§ **RECORDS SHOWN**
- - - - - - -
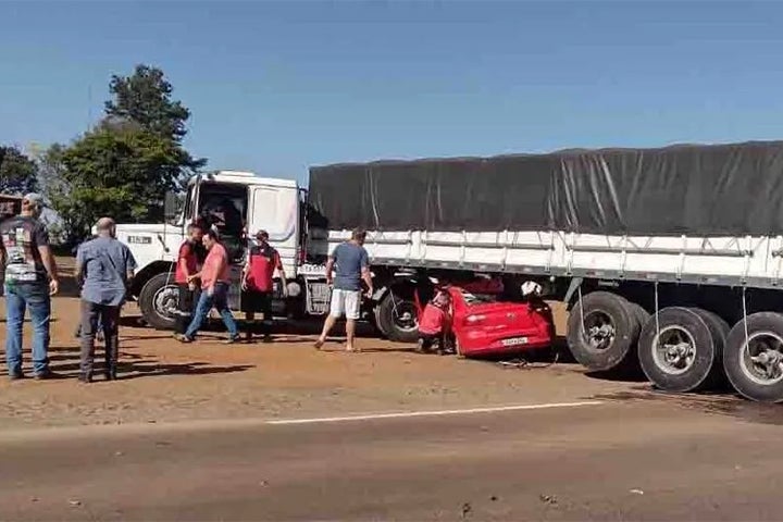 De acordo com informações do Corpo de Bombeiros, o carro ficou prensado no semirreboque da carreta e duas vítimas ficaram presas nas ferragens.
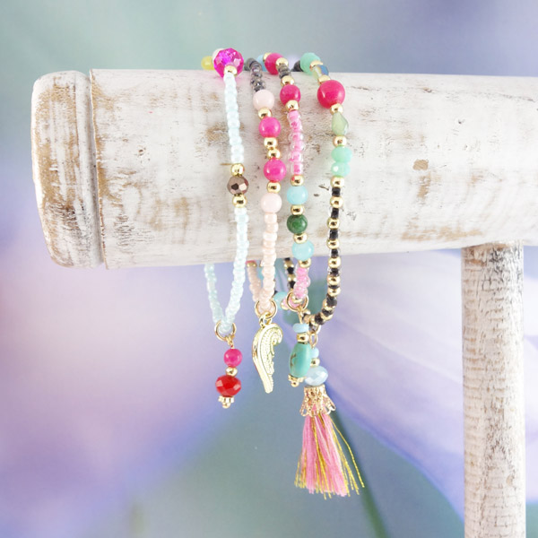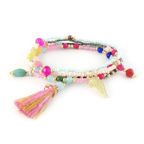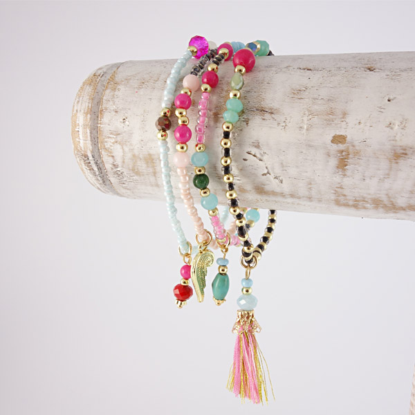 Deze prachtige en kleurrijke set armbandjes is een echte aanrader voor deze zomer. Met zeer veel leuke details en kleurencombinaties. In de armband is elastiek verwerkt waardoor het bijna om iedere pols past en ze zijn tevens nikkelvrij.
- - - - - - -
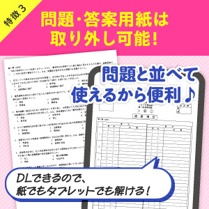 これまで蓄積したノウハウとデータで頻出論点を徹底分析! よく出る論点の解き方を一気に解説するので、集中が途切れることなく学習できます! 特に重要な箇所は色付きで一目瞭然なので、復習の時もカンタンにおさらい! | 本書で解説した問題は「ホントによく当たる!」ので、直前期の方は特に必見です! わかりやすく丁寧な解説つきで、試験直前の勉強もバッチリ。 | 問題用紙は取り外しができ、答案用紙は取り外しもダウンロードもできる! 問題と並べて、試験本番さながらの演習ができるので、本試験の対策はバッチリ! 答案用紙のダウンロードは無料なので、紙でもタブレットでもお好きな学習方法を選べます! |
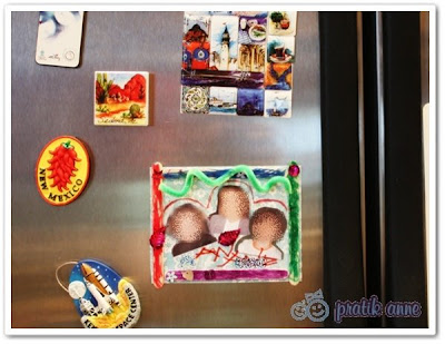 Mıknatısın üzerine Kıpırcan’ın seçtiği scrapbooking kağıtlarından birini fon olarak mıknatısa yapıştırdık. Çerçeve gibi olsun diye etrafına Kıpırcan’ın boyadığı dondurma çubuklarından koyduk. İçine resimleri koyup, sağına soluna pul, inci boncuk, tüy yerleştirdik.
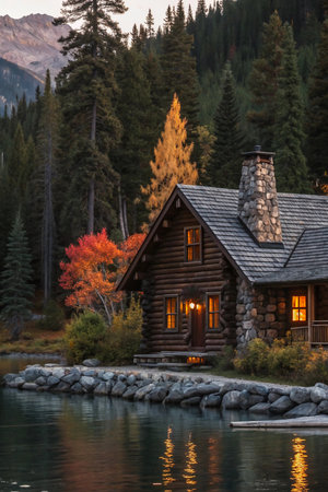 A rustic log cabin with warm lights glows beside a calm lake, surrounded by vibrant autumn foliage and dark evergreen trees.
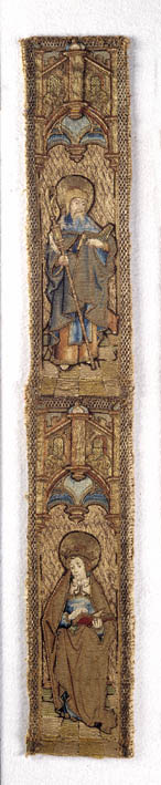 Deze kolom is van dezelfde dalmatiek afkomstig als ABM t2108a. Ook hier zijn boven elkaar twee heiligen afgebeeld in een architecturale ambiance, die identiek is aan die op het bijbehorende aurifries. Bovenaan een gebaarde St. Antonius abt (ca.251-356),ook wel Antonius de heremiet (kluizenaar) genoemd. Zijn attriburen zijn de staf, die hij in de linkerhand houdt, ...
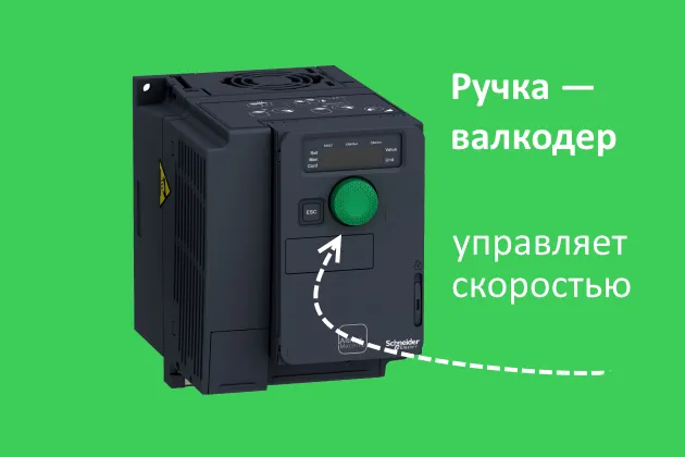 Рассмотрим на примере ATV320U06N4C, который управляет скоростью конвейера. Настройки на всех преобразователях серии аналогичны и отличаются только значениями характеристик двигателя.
- - - - - - -
§ **ASSIGNMENT**
Your answer must be everything above from the line with "Deze kolom is" down to the line with "Рассмотрим на примере", word for word, and no pictures.

§ **ANSWER TO THE EXERCISE**
 Deze kolom is van dezelfde dalmatiek afkomstig als ABM t2108a. Ook hier zijn boven elkaar twee heiligen afgebeeld in een architecturale ambiance, die identiek is aan die op het bijbehorende aurifries. Bovenaan een gebaarde St. Antonius abt (ca.251-356),ook wel Antonius de heremiet (kluizenaar) genoemd. Zijn attriburen zijn de staf, die hij in de linkerhand houdt, ...
 Рассмотрим на примере ATV320U06N4C, который управляет скоростью конвейера. Настройки на всех преобразователях серии аналогичны и отличаются только значениями характеристик двигателя.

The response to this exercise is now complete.